Preconceitos e estigmas são na realidade condições pejorativas desvalorativas dirigidas contra alguém ou contra algo que ocorre na realidade. São conceitos, pré-anunciados, antecipados, em torno de algo, alguém ou acontecimento ou sobre o que de fato ocorre, na realidade. Os preconceitos, estão quase sempre inseridos em um contexto social, psíquico ou cultural ou a condições específicas que fazem parte dos indivíduos e de suas relações. Em geral os preconceitos são estigmatizantes e segregacionistas onde indivíduos, práticas sociais, fatos, acontecimentos, eventos ou mesmo condições psicossociais, são desqualificados, mal vistos e desconsideradas, em razão de uma apreciação destorcida dessas realidades, desses fatos ou dessas pessoas ou desses acontecimentos, os quais são postos à margem da realidade. Em princípio, todos os preconceitos são repletos de violências contra o que, ou a quem se dirige.

Particularmente, sobre preconceitos e doença mental a Associação Brasileira de Psiquiatria – ABP, há 08 anos, desenvolveu a campanha “A Sociedade Contra o Preconceito”, lançada durante o XXIX Congresso Brasileiro de Psiquiatria. Essa campanha ganhou notoriedade, nacional e internacional, de tal forma que culminou com o projeto “Psicofobia é um Crime” que, após várias audiências públicas, apresentou emenda ao projeto de reforma do Código Penal, para criminalizar a segregação de portadores de transtornos mentais.

O programa “Psicofobia é um Crime” da ABP, visa institucionalizar nossa luta de combater os preconceitos e os estigmas que ocorrem na psiquiatria, principalmente contra os enfermos psiquiátricos e seus tratamentos. Trata-se de um manifesto consciente, responsável, humanizador, visando extirpar os tais preconceitos e/ou qualquer outra forma de descriminação que exista sobre os doentes mentais. É uma forma de demonstrar nossa indignação e disposição de lutar contra todo tipo de descriminalização que hala, sobretudo a esses enfermos, aos médicos psiquiatras e a psiquiatria como especialidade médica, por reconhecer-se que são práticas nefastas e não ajudam na recuperação nem na inserção social dessas pessoas.

Através deste Programa “Psicofobia é um Crime”, nós psiquiatras já avançamos muito. Artistas, poetas, políticos e escritores, cientistas e pesquisadores já se apresentaram na abertura dos nossos Congressos de Psiquiatria tratando de tais preconceitos, e muitos deles relatando suas próprias experiências como portadores de alguns transtornos psiquiátricos ou de alguns parentes seus. Além disso, redes de tvs e grandes jornais nacionais atualmente se dirigem á ABP para ouvi-la quando o assunto é sobre doença mental, fatos que nunca houve na história da Psiquiatria desse país.

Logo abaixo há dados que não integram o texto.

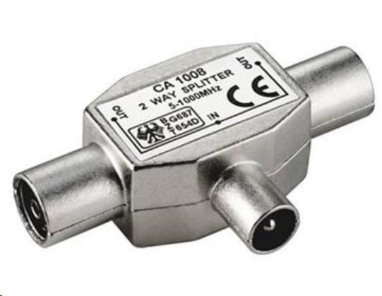 1× PremiumCord TV anténní slučovač/rozbočovač (1× samec → 2× samice)

Entre essas figuras de notoriedade pública destacamos o grande humorista Chico Anízio, o narrador e comentarista esportivo Luciano do Vale, o grande poeta maranhense Ferreira Gullar e tantas outras personalidades públicas, que de forma despretensiosa e com elevado espírito de solidariedade humana se dispuseram a realizar esses autos relatos, sobre suas doenças mentais, para ajudar a Psiquiatria a enfrentar esses enormes preconceitos nessa área.

É bom que se diga, que as doenças mentais obedecem às mesmas regras, leis e princípios que regem as demais doenças humanas, só diferindo quanto a forma de se expressarem clinicamente, e nada mais. São doenças que, como muitas outras, se tiverem precocemente um bom diagnóstico e um tratamento adequado terão um prognóstico favorável e muitos desses enfermos se recuperam inteiramente ao ponto de levarem uma vida absolutamente normal, como qualquer um.

A evolução nos critérios de diagnósticos dessas enfermidades, os avanços farmacológicos e outras formas de tratamentos bem como os avanços nos recursos laboratoriais hoje disponíveis são consideradas avanços absolutamente importante no controle clínico e epidemiológico dessas enfermidades. Fatos que vem colaborando sobre maneira para a derrubada dos estigmas aqui encontrados.

De tal forma que essa imagem malévola, demoníaca, amedrontadora, segregacionista bem como de que acreditam que doentes mentais são loucos, violentos, endemoniados, deficiente irrecuperáveis, intratáveis e muitos outros preconceitos é uma tremenda violência praticada contra essas pessoas, pois semelhantemente a muitos outros doentes, esses podem se prevenir, tratar, se recuperar e levar uma vida feliz e tranquila como a de todos. Por extensão, tais preconceitos resvalam para a Psiquiatria, enquanto especialidade médica, para os psiquiatras, para os hospitais psiquiátricos e, sobretudo para os tratamentos aplicados a esses enfermos.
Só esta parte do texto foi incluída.